*** RECORDS FOR THIS EXERCISE ***

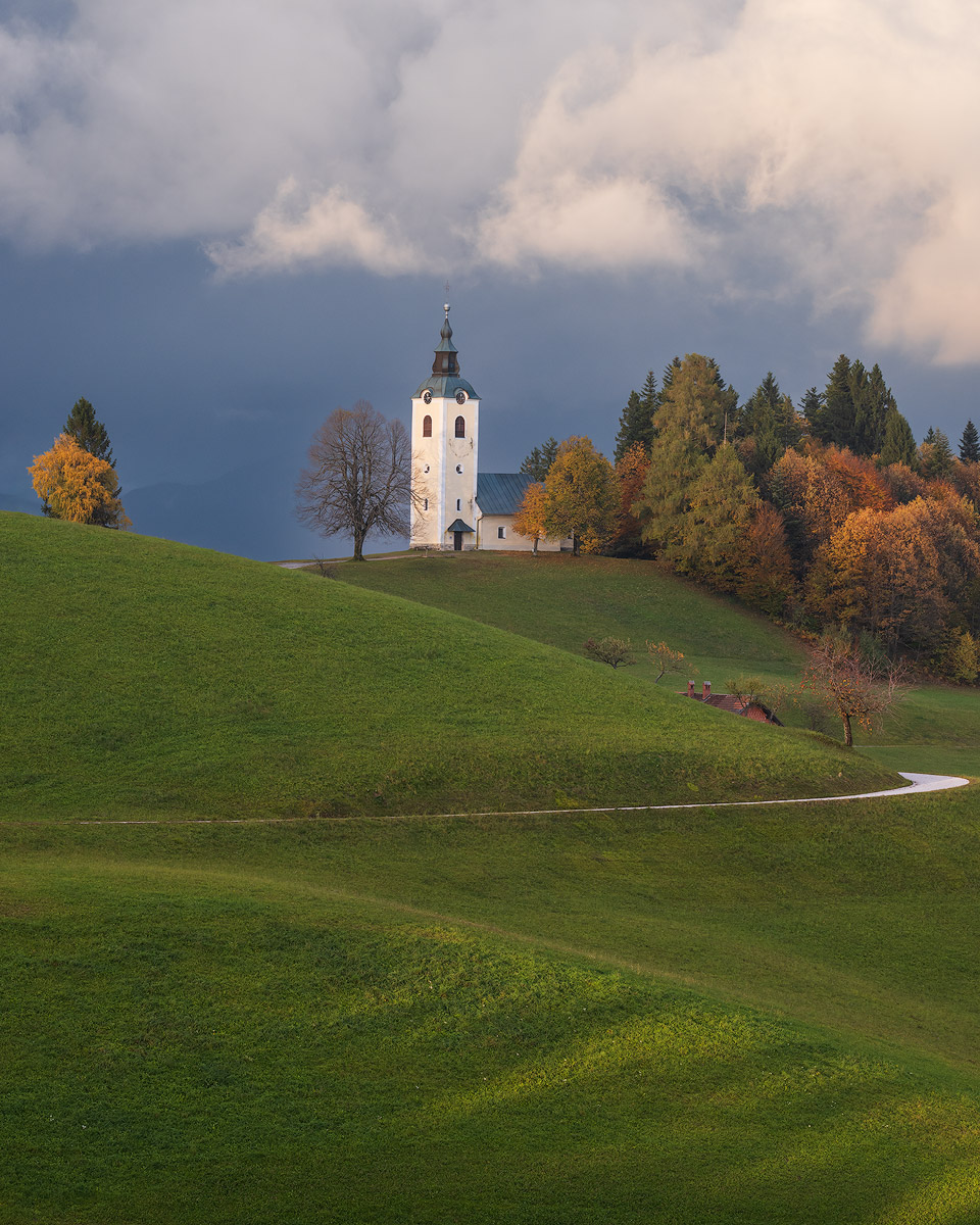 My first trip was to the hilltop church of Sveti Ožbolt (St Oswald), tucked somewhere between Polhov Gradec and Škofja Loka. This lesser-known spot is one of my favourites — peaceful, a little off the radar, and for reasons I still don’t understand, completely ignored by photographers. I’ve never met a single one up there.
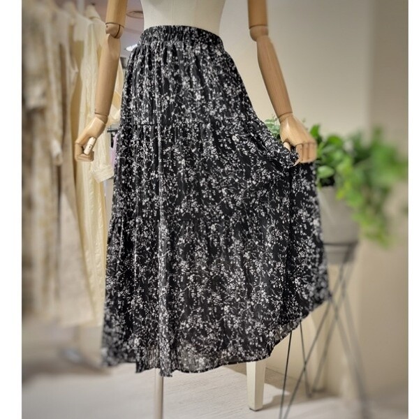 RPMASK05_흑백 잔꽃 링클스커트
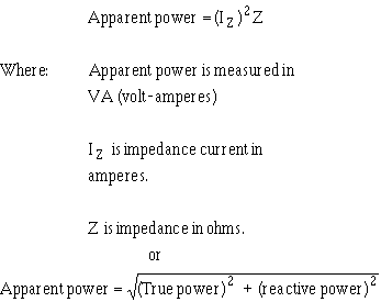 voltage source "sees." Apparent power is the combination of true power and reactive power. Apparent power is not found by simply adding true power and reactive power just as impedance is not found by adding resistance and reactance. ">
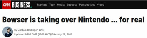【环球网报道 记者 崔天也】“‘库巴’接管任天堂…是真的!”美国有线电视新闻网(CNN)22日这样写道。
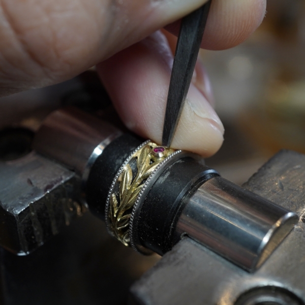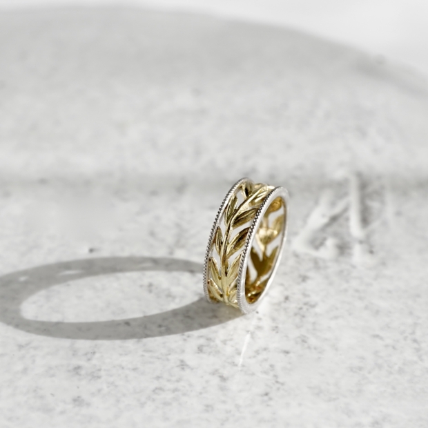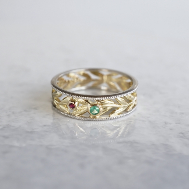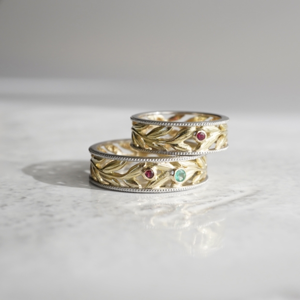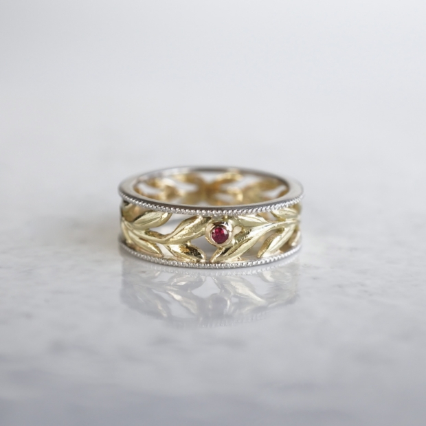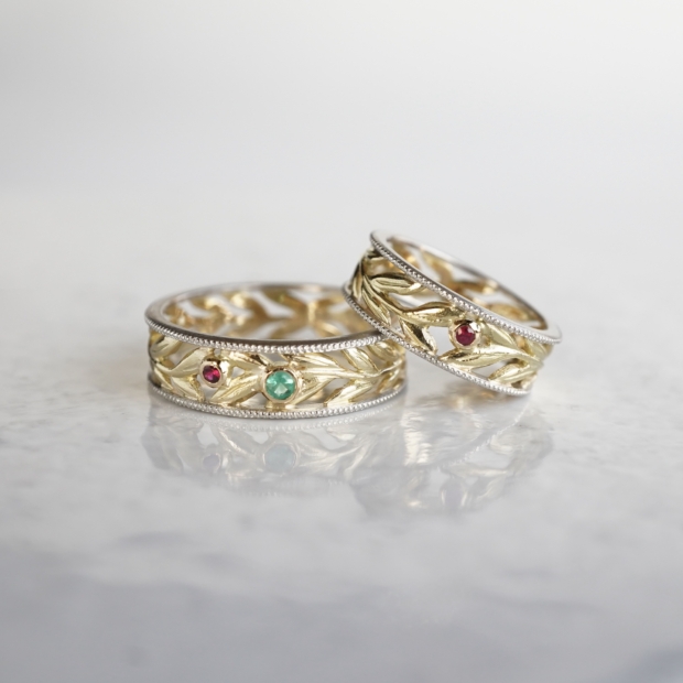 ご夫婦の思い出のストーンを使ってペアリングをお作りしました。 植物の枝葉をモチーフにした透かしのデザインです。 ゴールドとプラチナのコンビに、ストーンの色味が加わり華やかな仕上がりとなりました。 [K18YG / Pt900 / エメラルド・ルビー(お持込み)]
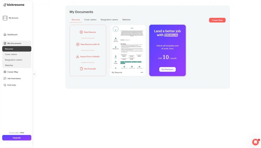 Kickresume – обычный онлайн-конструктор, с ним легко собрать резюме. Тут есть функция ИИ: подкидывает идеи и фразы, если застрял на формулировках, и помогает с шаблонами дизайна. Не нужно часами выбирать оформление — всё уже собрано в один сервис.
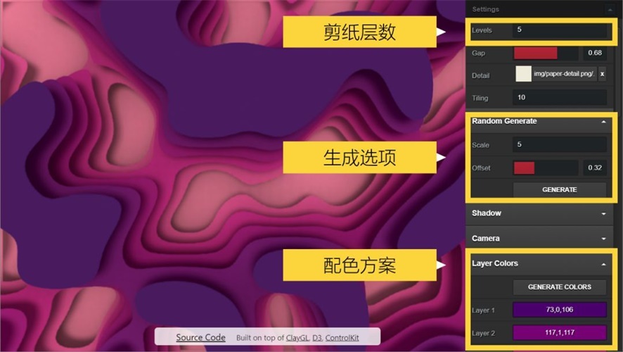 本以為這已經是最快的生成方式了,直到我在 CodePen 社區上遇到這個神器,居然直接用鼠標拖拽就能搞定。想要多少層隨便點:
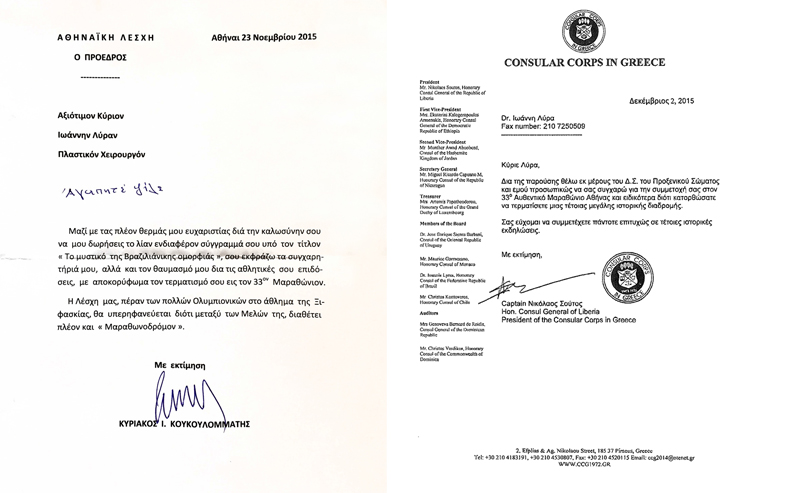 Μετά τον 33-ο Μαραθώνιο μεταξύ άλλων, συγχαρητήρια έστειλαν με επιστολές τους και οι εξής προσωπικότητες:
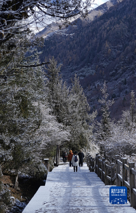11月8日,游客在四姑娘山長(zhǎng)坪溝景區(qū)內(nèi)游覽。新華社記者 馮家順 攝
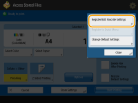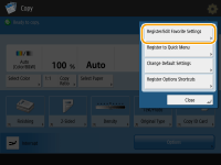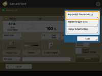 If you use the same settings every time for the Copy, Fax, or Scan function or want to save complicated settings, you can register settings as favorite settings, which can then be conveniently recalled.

*** End of RECORDS FOR THIS EXERCISE ***
*** RECORDS FOR THIS EXERCISE ***

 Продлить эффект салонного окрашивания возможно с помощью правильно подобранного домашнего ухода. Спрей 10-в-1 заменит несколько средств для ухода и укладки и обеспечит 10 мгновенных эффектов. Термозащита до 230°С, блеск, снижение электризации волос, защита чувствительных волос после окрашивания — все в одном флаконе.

*** End of RECORDS FOR THIS EXERCISE ***

PROBLEM TO WORK ON: Among the entries above, take the line with "Kickresume – обычный", the line with "11月8日,游客在四姑娘山長(zhǎng)坪溝景區(qū)內(nèi)游覽。新華社記者 馮家順 攝", and all the lines between them, and restate them word for word without pictures.

EXERCISE RESPONSE:
 Kickresume – обычный онлайн-конструктор, с ним легко собрать резюме. Тут есть функция ИИ: подкидывает идеи и фразы, если застрял на формулировках, и помогает с шаблонами дизайна. Не нужно часами выбирать оформление — всё уже собрано в один сервис.
 本以為這已經是最快的生成方式了,直到我在 CodePen 社區上遇到這個神器,居然直接用鼠標拖拽就能搞定。想要多少層隨便點:
 Μετά τον 33-ο Μαραθώνιο μεταξύ άλλων, συγχαρητήρια έστειλαν με επιστολές τους και οι εξής προσωπικότητες:
11月8日,游客在四姑娘山長(zhǎng)坪溝景區(qū)內(nèi)游覽。新華社記者 馮家順 攝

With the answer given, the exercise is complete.